The biggest contribution to reducing our carbon footprint is to have greatly improved the insulation of our building so it takes less energy to keep you, your pets and us comfortable. When we did the big build we went for a SIP construction. Our SIPs are essentially a sandwich of polystyrene foam as the “filling” and two sheets of OSB as the “bread”. OSB is oriented strand board made from wood scraps, glued and compressed into rigid boards. The panels are glued together with space filling foam, giving a whole building without gaps to prevent draughts. All of the space within the roof space is warm and within the building envelope, meaning the greatest amount of roof space can be formed without cold spots or worse still damp areas. Internally, we lined all of the walls and roof with double silver bubble wrap to further increase the insulation.
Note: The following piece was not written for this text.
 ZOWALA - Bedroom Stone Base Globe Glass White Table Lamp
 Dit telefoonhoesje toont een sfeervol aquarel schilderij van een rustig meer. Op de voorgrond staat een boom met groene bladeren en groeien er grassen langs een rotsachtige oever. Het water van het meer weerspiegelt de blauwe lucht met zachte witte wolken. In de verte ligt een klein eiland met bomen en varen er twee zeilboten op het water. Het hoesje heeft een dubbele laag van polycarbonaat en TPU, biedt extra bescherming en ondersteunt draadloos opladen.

The roof covering doesn’t really help with insulation but does greatly influence the building carbon footprint. Being in a row of slate covered houses, a slate finish was the only option. Slates are difficult to come by in the UK, as most comes from Spain or China with huge product miles. Fortunately there are now UK produced new tiles made with recycled slate and we went for Britlock, one of them, meaning used materials have been made into new.
Doors and Windows
High value insulated double glazed windows and doors completed the new shell. These came from a local contractor Mark Smith Glazing.
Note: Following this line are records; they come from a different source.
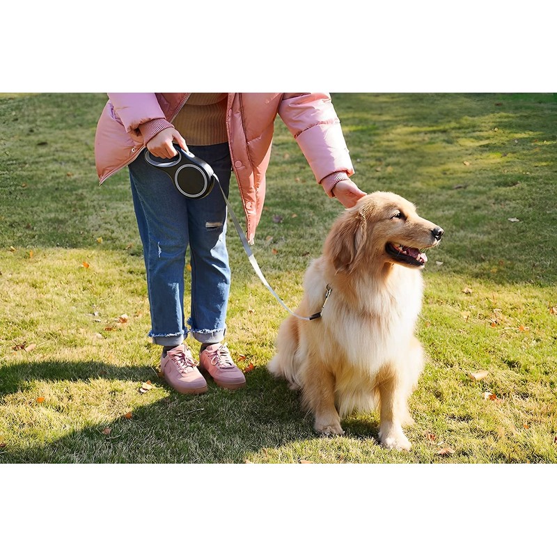- 【Longitud de 5 m】 La correa de nylon retráctil para correa de perro se puede extender hasta 5 metros, adecuada para cualquier perro que pese hasta 20 kg, diseño resistente y duradero, sin ruido para uso diario, que permite a sus amigos perros explorar, pero aún dentro una distancia segura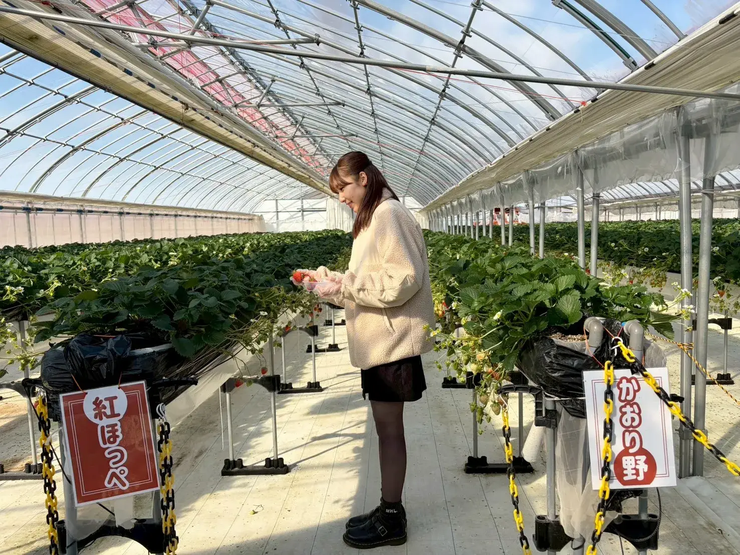 園内では、約17,000株にもおよぶ「紅ほっぺ」と「かおり野」を40分間たっぷり味わえます。紅ほっぺは甘みと酸味のバランスがよく、かおり野はやさしい甘さと香りを楽しみやすい品種です。テーブルや椅子があるため、小さな子どもやご年配の方でも安心です。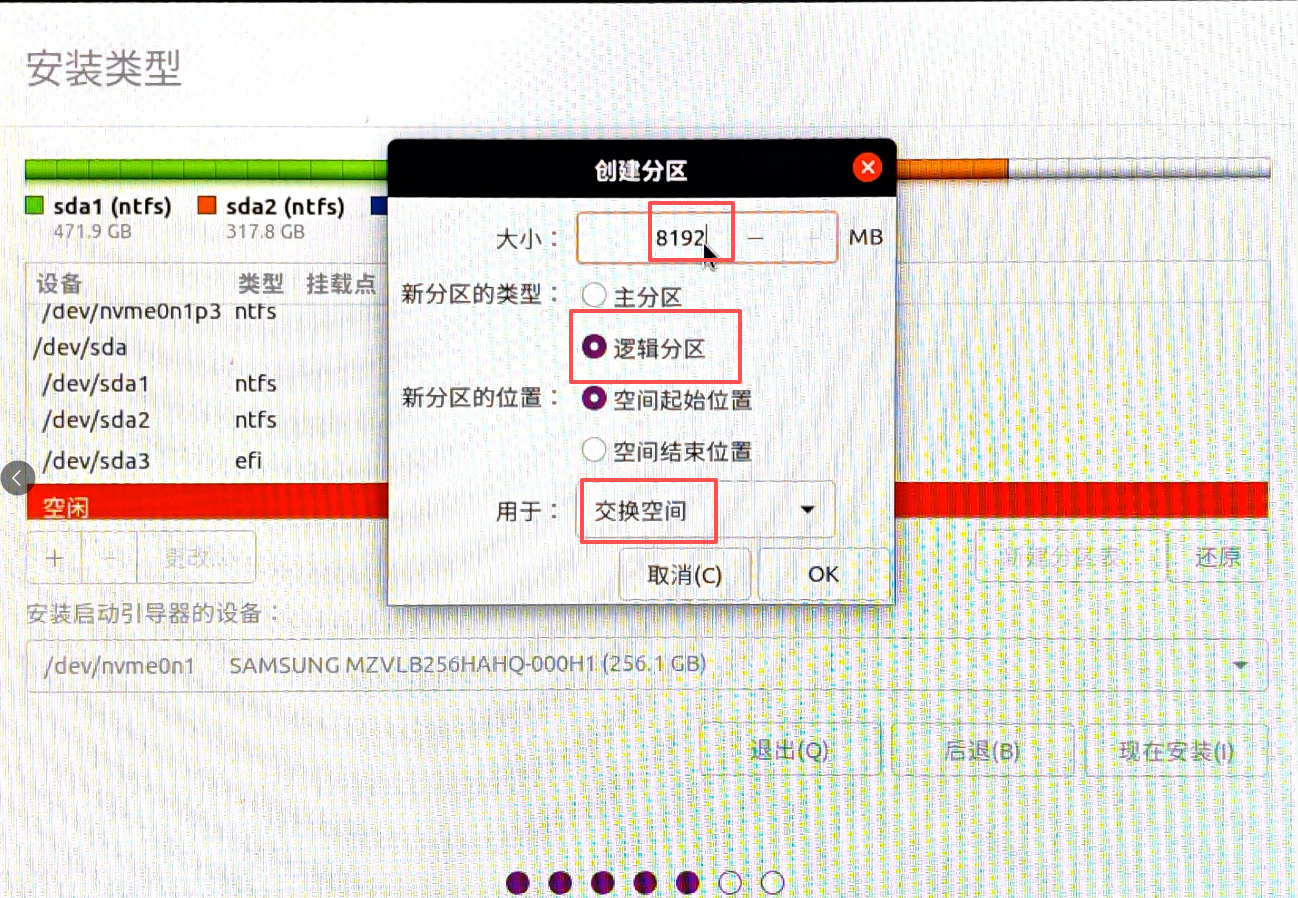 大小8192M(8G够用),逻辑分区,空间起始位置,交换空间,

The next big issue is the heating. We started with a gas boiler and an electric heater for the swimming pool but became interested in heating with biomass. For us a pellet system was the best and if you’ve ever seen wood pellet cat litter then you have seen biomass fuel too. It is made from sawdust arising from the timber industry and Scotland produced a surfeit of it much being exported to Europe. Going with biomass meant a new shed in the back garden half giving us a 6 tonne store and half housing the boiler. The pellets are blown into the store from a delivery tanker in the car park through a series of flexible tubes. In order to maximise the capacity of our store we didn’t go with the conventional sloping sides in the store but as surface device called a Pellet Mole which rovers over the surface of the pellets and sucks the pellets five times a day to fill the daily hopper on the back of the boiler. The boiler is fully automatic and maintains a 500 litre well insulated buffer tank in the boiler room. This through a pair of heavily insulated pipes heats the insulated 400 litre inside tank. This too is an innovative design, having the hot water tank inside the central heating tank which means that the hot water recovers more quickly after a draw of hot water which is there to cope with the (up to) 800 litres of warm water used in a treadmill session. The outer jacket of water in the tank provides the central heating for the building and the heat exchanger for the pool.
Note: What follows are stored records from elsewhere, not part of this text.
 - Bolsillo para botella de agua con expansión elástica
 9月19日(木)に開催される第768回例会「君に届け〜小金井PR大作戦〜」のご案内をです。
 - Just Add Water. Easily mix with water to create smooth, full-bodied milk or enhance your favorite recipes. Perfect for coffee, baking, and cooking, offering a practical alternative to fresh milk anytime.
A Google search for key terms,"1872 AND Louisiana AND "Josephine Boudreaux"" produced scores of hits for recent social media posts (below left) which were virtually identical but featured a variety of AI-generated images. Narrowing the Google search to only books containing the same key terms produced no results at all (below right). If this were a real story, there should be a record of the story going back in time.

The back of our building faces south and was an ideal site for solar electric panels. We have a 3.75kW set up on a smart inverter which can cope with each panel producing different amounts of electricity without a temporary shaded panel dragging the rest down. It even has an internet connection and send live data to the manufacturers meaning we can log in and see how the system is doing on an instantaneous, weekly, monthly or yearly basis. The Government pay us for every kWh we generate and a little extra for feeding back into the grid. Also every kWh we make means one we don’t have to buy, so overall a worthwhile project.
The ongoing accumulation of incremental gains
The rest of our effort is focused on considering the best choice for each activity, as each change makes a marginal difference but the accumulation of lots of small things results in big savings in green footprint.
Such things are:-
Installing new LED lighting. Where we have added new space we have used LED lighting for circulation areas and every light in the new flat is LED.
Improving the fluorescent lighting. In clinical areas, we need bright and shadow free lighting and fluorescent strip lighting is still the best value here. However we have been migrating to the thinner, more efficient T5 tubes and using high frequency technology, rather than inefficient switch start (with the plug in starters) fittings.
Segregating our waste. We now sort our non clinical waste so as to maximise it recycling value. We are careful to recycle broken or redundant electrical and electronic items and batteries as they contain valuable rare elements as well as the more common metals.
The dog trike is a low carbon way of commuting.